> _YOUR INSTRUCTIONS_: Among the entries below, only the lines from the one with "Adding page numbers" through the one with "董事会:是华为战略和经营管理" are to be retyped, exactly and without pictures.

> _SOURCE DATA_:
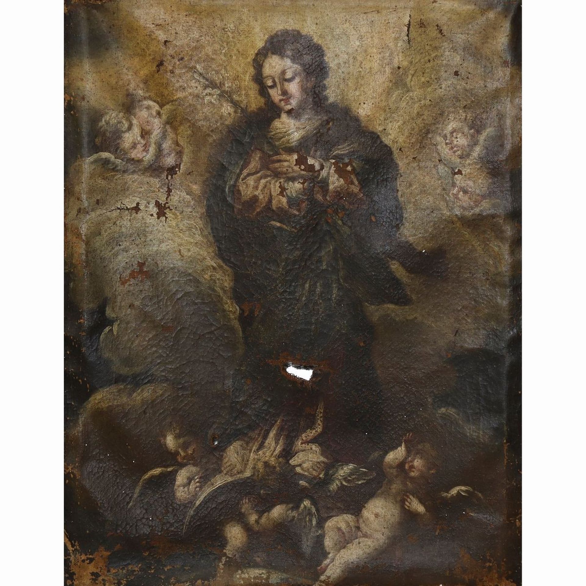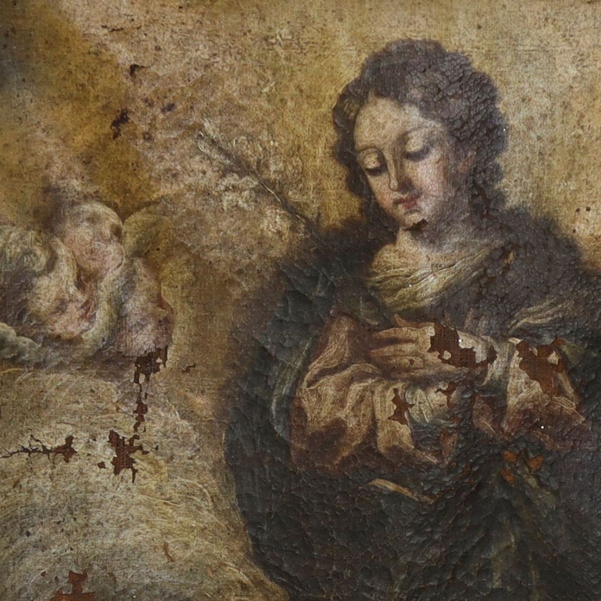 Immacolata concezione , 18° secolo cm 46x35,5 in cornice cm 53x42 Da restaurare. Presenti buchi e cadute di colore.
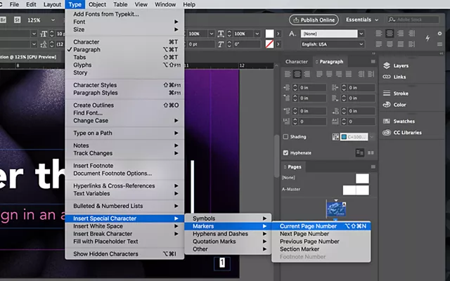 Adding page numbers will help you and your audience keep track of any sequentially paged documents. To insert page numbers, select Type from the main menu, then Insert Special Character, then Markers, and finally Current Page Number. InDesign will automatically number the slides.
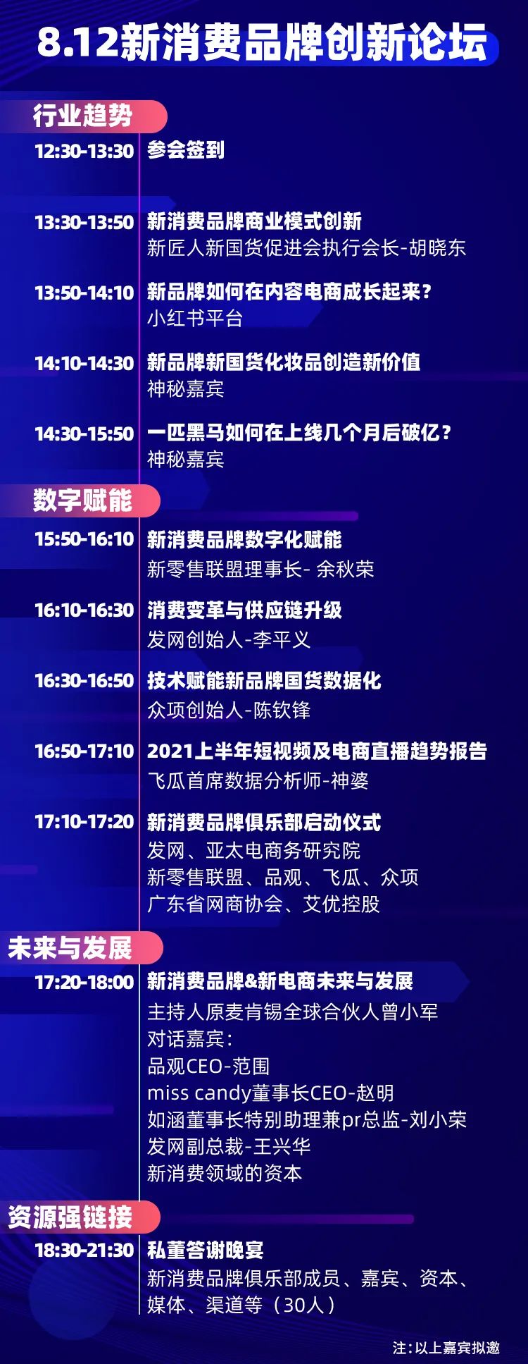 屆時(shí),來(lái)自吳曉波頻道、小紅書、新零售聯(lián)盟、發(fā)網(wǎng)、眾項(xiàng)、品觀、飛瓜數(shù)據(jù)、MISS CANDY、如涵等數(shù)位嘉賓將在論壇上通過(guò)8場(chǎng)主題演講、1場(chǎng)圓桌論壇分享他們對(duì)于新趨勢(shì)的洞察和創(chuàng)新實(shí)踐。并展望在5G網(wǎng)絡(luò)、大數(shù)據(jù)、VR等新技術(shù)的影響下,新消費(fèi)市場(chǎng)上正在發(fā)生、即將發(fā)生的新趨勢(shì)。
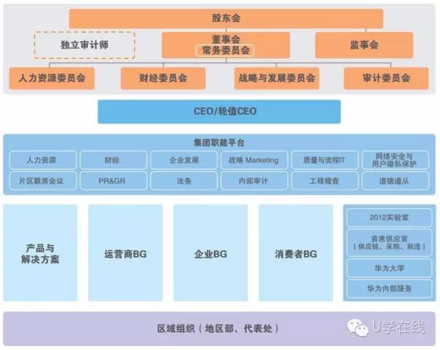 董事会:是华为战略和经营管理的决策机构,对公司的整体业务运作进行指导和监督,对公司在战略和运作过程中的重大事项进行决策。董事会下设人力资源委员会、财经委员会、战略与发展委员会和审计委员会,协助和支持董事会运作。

--

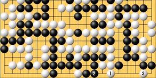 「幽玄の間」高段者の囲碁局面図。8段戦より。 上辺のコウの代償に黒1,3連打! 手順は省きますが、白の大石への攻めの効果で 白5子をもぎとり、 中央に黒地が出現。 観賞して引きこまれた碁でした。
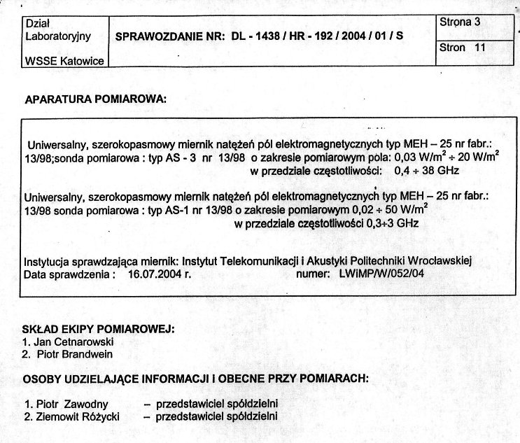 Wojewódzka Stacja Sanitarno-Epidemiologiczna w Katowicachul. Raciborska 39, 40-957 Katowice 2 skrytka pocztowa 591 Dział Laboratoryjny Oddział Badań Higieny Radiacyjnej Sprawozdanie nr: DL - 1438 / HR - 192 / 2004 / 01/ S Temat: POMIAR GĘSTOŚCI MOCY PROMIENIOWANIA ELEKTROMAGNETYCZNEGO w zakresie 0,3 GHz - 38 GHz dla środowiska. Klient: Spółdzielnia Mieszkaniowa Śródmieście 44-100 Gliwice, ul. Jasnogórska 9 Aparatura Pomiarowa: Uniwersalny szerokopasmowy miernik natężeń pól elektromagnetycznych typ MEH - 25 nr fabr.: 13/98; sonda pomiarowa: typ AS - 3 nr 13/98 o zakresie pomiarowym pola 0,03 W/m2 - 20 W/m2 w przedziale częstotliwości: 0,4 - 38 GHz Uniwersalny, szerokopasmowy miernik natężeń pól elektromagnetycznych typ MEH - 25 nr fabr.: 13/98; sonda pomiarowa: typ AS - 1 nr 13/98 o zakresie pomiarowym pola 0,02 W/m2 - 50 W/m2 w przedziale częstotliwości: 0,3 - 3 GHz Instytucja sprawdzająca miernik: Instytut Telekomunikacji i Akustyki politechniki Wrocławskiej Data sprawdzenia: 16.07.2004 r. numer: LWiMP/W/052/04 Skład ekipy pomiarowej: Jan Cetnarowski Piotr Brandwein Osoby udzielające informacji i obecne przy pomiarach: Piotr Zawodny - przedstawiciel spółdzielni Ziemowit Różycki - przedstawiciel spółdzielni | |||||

> _RESPONSE_:
 Adding page numbers will help you and your audience keep track of any sequentially paged documents. To insert page numbers, select Type from the main menu, then Insert Special Character, then Markers, and finally Current Page Number. InDesign will automatically number the slides.
 屆時(shí),來(lái)自吳曉波頻道、小紅書、新零售聯(lián)盟、發(fā)網(wǎng)、眾項(xiàng)、品觀、飛瓜數(shù)據(jù)、MISS CANDY、如涵等數(shù)位嘉賓將在論壇上通過(guò)8場(chǎng)主題演講、1場(chǎng)圓桌論壇分享他們對(duì)于新趨勢(shì)的洞察和創(chuàng)新實(shí)踐。并展望在5G網(wǎng)絡(luò)、大數(shù)據(jù)、VR等新技術(shù)的影響下,新消費(fèi)市場(chǎng)上正在發(fā)生、即將發(fā)生的新趨勢(shì)。
 董事会:是华为战略和经营管理的决策机构,对公司的整体业务运作进行指导和监督,对公司在战略和运作过程中的重大事项进行决策。董事会下设人力资源委员会、财经委员会、战略与发展委员会和审计委员会,协助和支持董事会运作。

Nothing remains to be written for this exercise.